I’ve been looking at my piano in the small foyer of our 1890s Victorian home for almost six year now. I dust it before guests arrive, and adorn it with nic nacs for whichever holiday is closest.
My parents purchased the lovely little spinet from neighbors for $400, a huge expense back in 1968 for parents of five growing girls, but I really wanted to learn how to play the piano, and I think my parents were hoping for a prodigy. “The Bernier Five” hadn’t made it big yet (and I don’t believe there was ever actually a time we all sang together), and my Dad’s mother could play beautifully. I would be a natural.
I didn’t tell my parents that the reason I wanted to play the piano was because my best friend Marilyn (my exotic new dark-skinned neighbor who moved across the street in kindergarten) was learning how to play. I also wished for glasses that year after seeing her wear new tortoise shell cat-eye glasses to school for the first time. Sadly, I soon got my wish.
Marilyn and I took lessons together from the nuns of St. Francis of Assisi in Braintree, Massachusetts for two years. She would have a 20-minute session, then I, and then we would have 20 minutes together for duets. It was wonderful, and our secret competition kept us practicing between lessons. The nuns were strict, and we learned to memorize challenging pieces for nerve-wracking recitals.
When the nunnery closed (and I do not recall why that occurred), I continued with private lessons for another year from a man up the street. He was expensive, and I didn’t have my buddy with me anymore; by then I was beginning to lose interest. I did, however, learn how to wiggle my ears during one particularly intense lesson that year while concentrating with all my might on a difficult line of music. When I could not stop giggling…and would not tell my teacher why I was being so inappropriate…my lesson was cut short, and I walked home feeling both guilty and giddy.

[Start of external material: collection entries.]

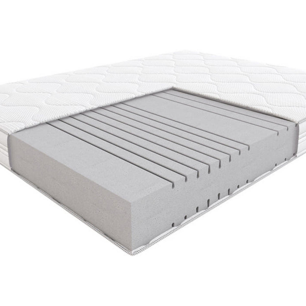 MATRATZE FOXTROT - AUFBAUHochelastischer Schaum: der Matratzenkern besteht aus Schaum mit hoher Dichte (40 kg/m3). Er zeichnet sich durch erhöhte Elastizität und Straffheit und gewährleistet somit die richtige Unterstützung der Wirbelsäule an der gesamten Länge. Das Material hat spezielle Einschnitte, die auf der Oberfläche sieben Zonen mit verschiedener Härte bilden. HYBRID-BEZUG
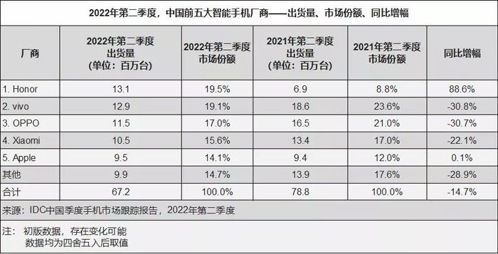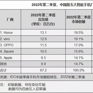 2022年第二季度,中国智能手机市场出货量排名前五的厂商分别为:荣耀、vivo、OPPO、小米、苹果。
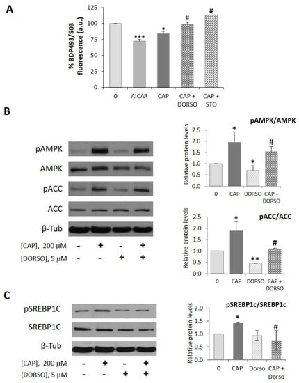 AMPK is involved in the capsaicin-induced reduction of neutral lipid content in HepG2 cells. HepG2 cells were cultured in EMEM medium without serum for 24 h. (A) Capsaicin reduces neutral lipid content through CaMKKII/AMPK activation. Cells were pretreated with vehicle, 5 µM dorsomorphin (DORSO) or 10 µM STO-609 (STO) for 30 min and then treated with or without 1 µM AICAR or 200 µM capsaicin (CAP) for 24 h. Intracellular neutral lipids were stained with bodipy 493/503 (BDP 493/503) for 30 min and fluorescence was measured by flow cytometry to quantify neutral lipid content. The fluorescence intensity of untreated cells (0) was used as the control and the rest of values were expressed as % of the control value. Results are the mean ± SEM of four experiments. Statistical significance was determined by one-way ANOVA and Tukey’s multiple comparisons test. (B,C) Capsaicin activates AMPK. Cells were pretreated with vehicle or 5 µM DORSO, and then treated with or without 200 µM CAP for 1 h. The levels of pAMPK, pACC, pSREBP and their corresponding not phosphorylated forms were determined by immunoblotting. β-tubulin was used as a loading control. The densitometric analysis of the bands is shown on the right. Data are the mean ± SEM of four experiments. Statistical significance was determined by two-way ANOVA and Dunnett’s multiple comparisons test. Comparisons were vs untreated cells (* p < 0.05, ** p < 0.01, *** p < 0.005) or capsaicin treated cells (# p < 0.05).

When it became apparent that I was not going to be the next Liberace (though I would someday develop a flair of my own), I stopped taking lessons, though I still practiced my songs frequently. I continued to dread performing for guests (something I was expected to do, and looking back, it was probably really good for me), but as I matured, I’d vent my emotions on the ivories when I found myself home alone and feeling petulant (a frequent occurrence throughout my teen years).
Mom and Dad gave me the piano when I married and it has traveled with us for 20 year of Army relocations. I made both our boys take a year’s worth of lesson when they were young, and they were not prodigies, either.

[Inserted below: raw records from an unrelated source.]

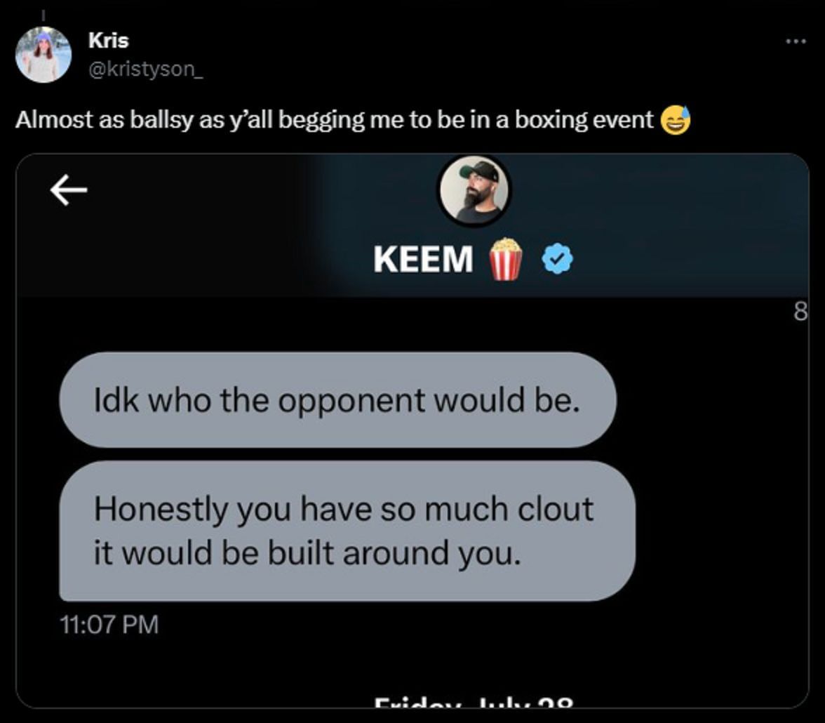 After the troll post, Kris Tyson shared another surprising update. She posted a screenshot revealing Keemstar, the controversial creator, reaching out to her through private messages to extend an invitation for a boxing match. Here's what he sent:
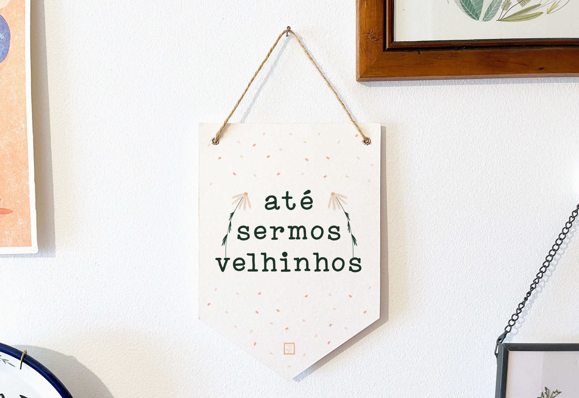 Bandeirola . Até sermos velhinhos 10,00 € Desconto de %. IVA incluído. Partilhar Comprar Contactar Design original do projecto Feliz é quem diz® Medida da bandeirola: 15x21cm Bandeirola com base de papel madeira branco, com ilustração na frente, ilhós e fio para pendurar. A cor do fio é apenas ilustrativa e poderá variar.
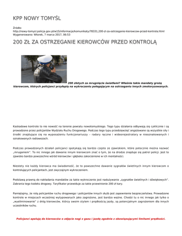 KPP NOWY TOMYŚL Źródło: http://nowy-tomysl.policja.gov.pl/w15/informacje/komunikaty/78331,200-zl-za-ostrzeganie-kierowcow-przed-kontrola.html Wygenerowano: Wtorek, 7 marca 2017, 06:53 200 ZŁ ZA OSTRZEGANIE KIEROWCÓW PRZED KONTROLĄ 200 złotych za mrugnięcie światłami? Właśnie takie mandaty grożą kierowcom, których policjanci przyłapią na wykroczeniu polegającym na ostrzeganiu innych zmotoryzowanych. Kaskadowe kontrole to nie nowość na terenie powiatu nowotomyskiego. Tego typu działania odbywają się cyklicznie i są prowadzone przez policjantów Wydziału Ruchu Drogowego. Podczas tego typu przedsięwzięć angażowane są wszystkie siły i środki znajdujące się na wyposażeniu funkcjonariuszy – radary ręczne i wideorejestratory w nieoznakowanych i oznakowanych radiowozach. Podczas prowadzonych działań policjanci spotykają się bardzo często ze zjawiskiem, które potocznie można nazwać „mruganiem”. To nic innego jak dawanie innym kierowcom znać o tym, że na drodze znajduje się patrol policji. Jest to zjawisko bardzo powszechne wśród kierowców i głęboko zakorzenione w ich mentalności. Niestety nie każdy kierowca ma świadomość, że to powszechne dawanie sygnałów świetlnych innym kierowcom o kontrolujących policjantach, jest zwyczajnym wykroczeniem. Podstawą prawną do nakładania mandatów za takie wykroczenie jest nadużywanie „sygnałów świetlnych i dźwiękowych”. Zabrania tego kodeks drogowy. Taryfikator przewiduje za takie przewinienie 200 zł kary. Pamiętajmy, że rolą policjantów ruchu drogowego i policjantów innych służb jest zapewnienie bezpieczeństwa. Prowadzone kontrole w miejscach wcześniej wytypowanych jako zagrożone, jest bardzo ważne. Chodzi tu o nic innego jak tylko o „wyeliminowanie” z dróg kierowców, którzy swoim stylem i prędkością jazdy, są potencjalnym zagrożeniem dla innych uczestników ruchu. Policjanci apelują do kierowców o zdjęcie nogi z gazu i jazdę zgodnie z obowiązującymi limitami prędkości. Pamiętajmy, że im szybciej jedziemy, tym bardziej musimy się liczyć z dłuższą drogą hamowania. Natomiast przy dużym natężeniu ruchu pojazdów, szybka jazda nie zawsze skróci nam czas podróży, a zagrożenie które jest spowodowane nadmierną prędkością i nieprawidłowym wyprzedzaniem może przynieść wiele nieszczęścia. Pamiętajmy, że kierowcy prowadzący auto z dużą prędkością muszą odpowiednio wcześniej sygnalizować zamiar zmiany kierunku jazdy lub pasa ruchu, a także zwiększyć odległość od poprzedzającego pojazdu. Tego rodzaju działania będą systematycznie przeprowadzane na drogach naszego powiatu. W ten sposób policjanci nowotomyskiej „drogówki” chcą zmobilizować kierowców do przestrzegania przepisów ruchu drogowego. Chcemy uświadomić wszystkim kierującym, że nie stosując się do przepisów Kodeksu Drogowego zagrażają nie tylko sobie, ale też innym uczestnikom ruchu drogowego. Ocena: 0/5 (0) Tweetnij
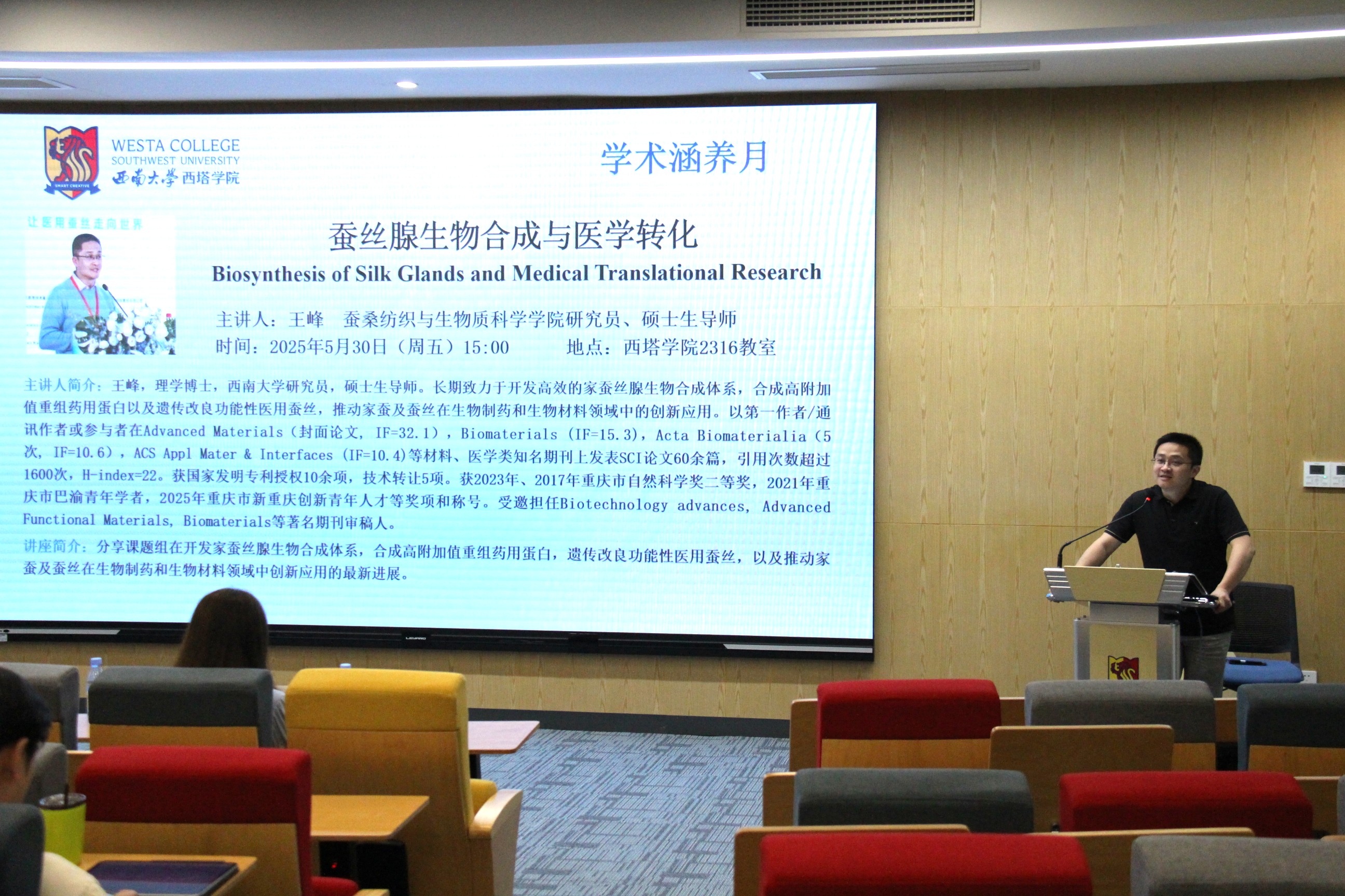 在生物技术专业专场讲座上,王峰研究员围绕“家蚕丝腺生物合成与医学转化”这一主题,分享了其课题组在开发家蚕丝腺生物合成体系、合成高附加值重组药用蛋白、遗传改良功能性医用蚕丝,以及推动家蚕及蚕丝在生物制药和生物材料领域中创新应用的最新进展。其课题组在家蚕丝腺生物反应器研究中取得重要突破:成功建立高效合成系统,培育出50余个新型家蚕品系,能高效表达人血清白蛋白、人乳铁蛋白、人胰岛素等高附加值药用蛋白。同时,建立了规模化蚕丝外源蛋白分离纯化技术体系,获得了多个毫克级高纯度、具生物活性的重组蛋白,证实家蚕丝腺可生产功能性外源蛋白。此外,其研究团队建立了蚕丝遗传改良关键技术体系,利用家蚕丝腺规模化生物合成功能性蚕丝原料。通过导入20余种人源生长因子及10余种具抗肿瘤、抗氧化等功能的治疗性重组蛋白,对蚕丝进行遗传改良,构建了可稳定遗传的新型家蚕品系库。
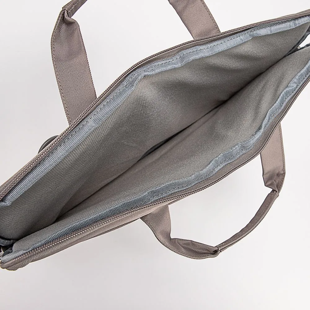 Сумка от торговой марки Ecotope из практичного текстильного материала. Плоская модель для ноутбука диагональю 16 дюймов, с двумя ручками, съемным регулируемым плечевым ремнем. Стенки сумки уплотнены. Отделение на молнии, с текстильной подкладкой. На лицевой стороне – карман на скрытой молнии. На задней стороне имеется лямка для крепления на выдвижную ручку чемодана.

It looks lovely in our foyer, and over the past 5+ years I have played it a handful of times, generally right before Christmas when I’ll pull out my ancient books to prove to myself that I can still play a thing or two. But generally I avoid sitting on the little piano bench (other than to pull off snowy boots), and with each passing avoidance I feel a twinge of guilt.
It feels like when someone has given you a gift and you’ve somehow let too much time pass before sending a “Thank you.” Before you know it, you’ve decided that it’s really too late, and you rationalize your failure to do the right thing. It’s not a good feeling.
And so today I pulled out the bench. I opened it and found the first recital piece I ever had to play in public: “From a Lighthouse Window” by Edna-Mae Burnam, and I played the heck out of it.
It felt wonderful. Thank you, old friend.
2 replies on “Avoidance”
Ah, I really like this.
Do you have any experience with avoiding things that ultimately make you feel good when you finally stop avoiding?